- Born: John Hollingsworth Morse December 16, 1910 Los Angeles, California, U.S.
- Died: January 23, 1988 (aged 77) Studio City, California, U.S.
- Occupation: Television director
- Years active: 1952–1986
- Spouse(s): Bonnie Baker (1943–?) Sally Eilers (1949–1958) (divorced) Sandra Gould (?–1988) (his death)

= Hollingsworth Morse =

American television director (1910–1988)

John Hollingsworth Morse (December 16, 1910 - January 23, 1988) was an American television director. He directed episodes of a wide variety of U.S. television series from the 1950s through the 1980s under the names Hollingsworth Morse and John H. Morse.

==Early career==
Morse began his career in the casting department of Paramount Pictures, and eventually began to work closely with director George Stevens. During World War II, Stevens was Morse's commanding officer in the U.S. Army Signal Corps, where Morse rose to the rank of first lieutenant. In that capacity, Morse traveled with Stevens's unit through Europe and helped capture footage of the Battle of Normandy and other significant events of the European war. Morse reflected on these experiences through his participation in George Stevens Jr.'s 1994 documentary, George Stevens: D-Day to Berlin.

==Television==
Hollingsworth has directed for 82 different television series or TV movies.

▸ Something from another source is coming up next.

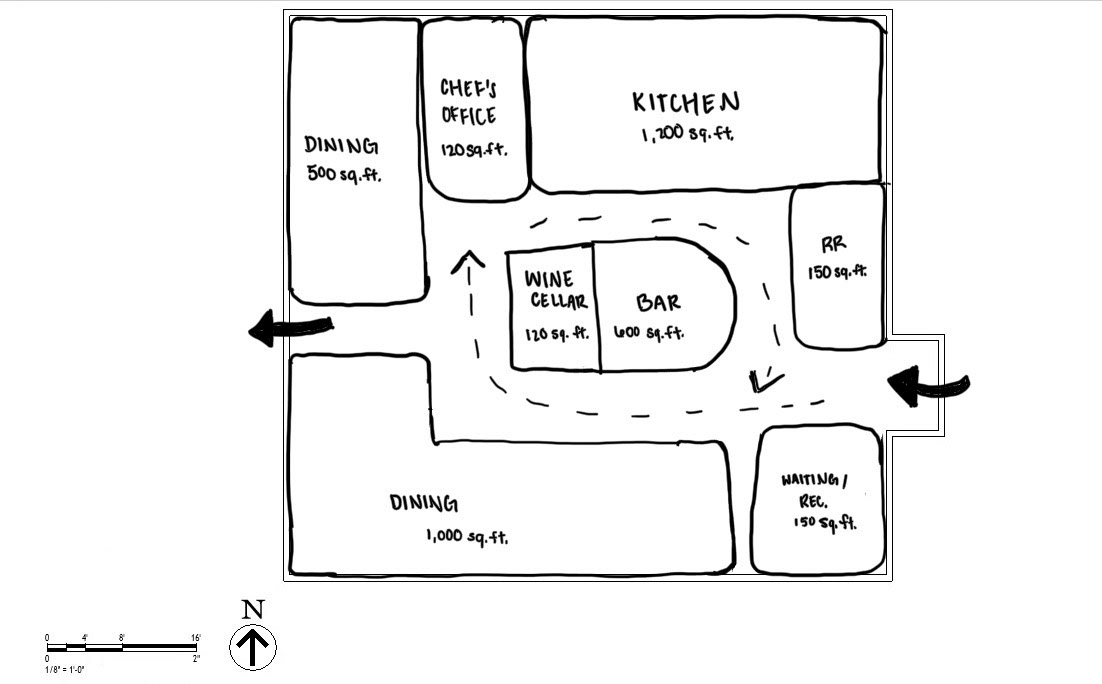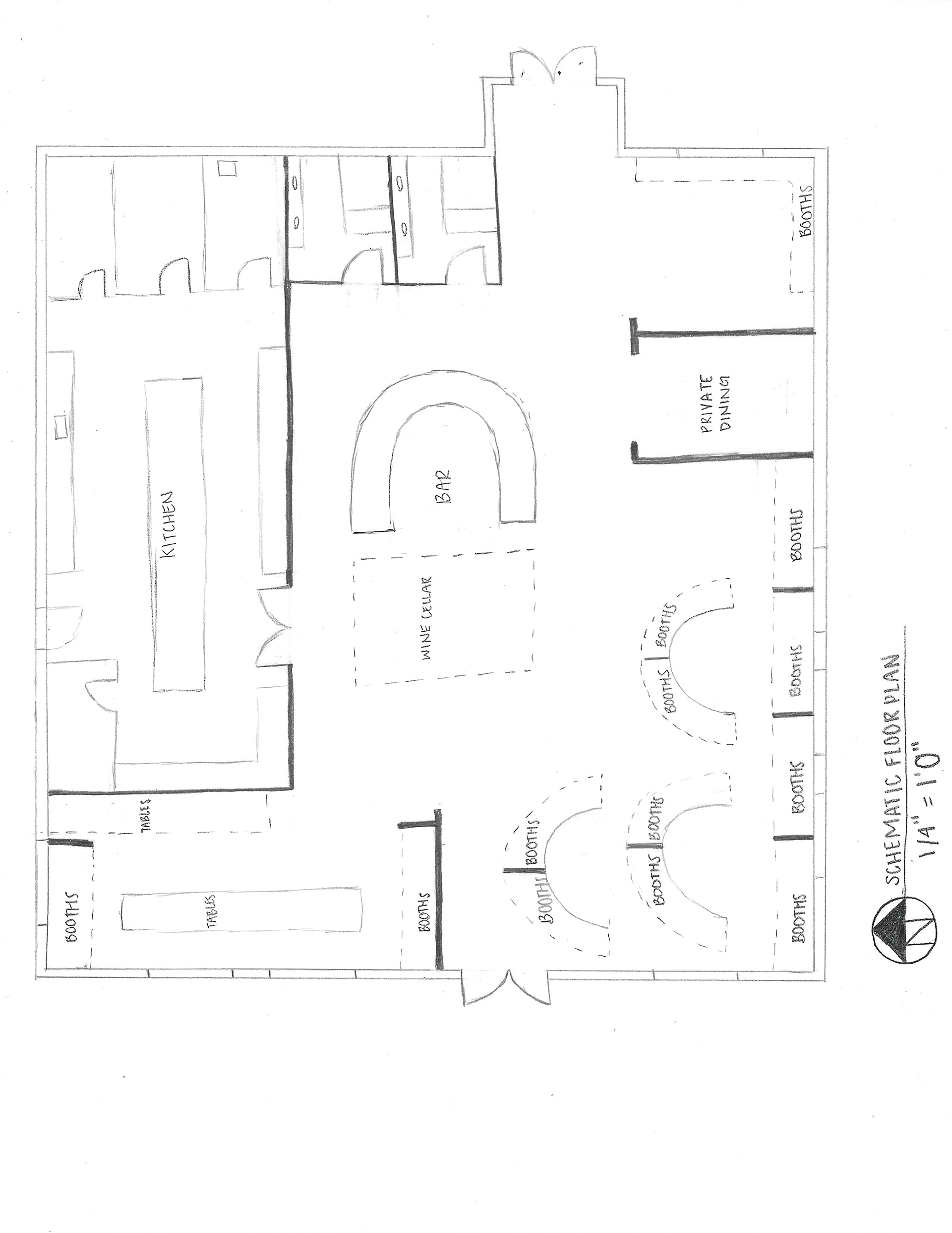 SketchUp- Private party dining on left, regular dining, and bar

His series work includes a single episode of numerous series, but he also worked extensively as a recurring or regular director for others, starting with 50 episodes of the first three seasons (1950–1953) of The Lone Ranger, continuing such series as Rocky Jones, Space Ranger (1953, 39 episodes), Zorro (1959, 19 episodes), Lassie (1959–1972, 62 episodes), McHale's Navy (1964–1966, 46 episodes), Adam-12 (1968–1975, 21 episodes), H.R. Pufnstuf (1969–1970, 17 episodes), Operation Petticoat (1977–1979, 16 episodes), The Dukes of Hazzard (1979–1983, 17 episodes), and The Fall Guy (1984–1986, 11 episodes). His final directorial work was an episode of The Fall Guy.

==Film==
Hollingsworth also directed a lesser number of feature films throughout his career, including Daughters of Satan and the 1972 adaptation of the children's novel Justin Morgan Had a Horse.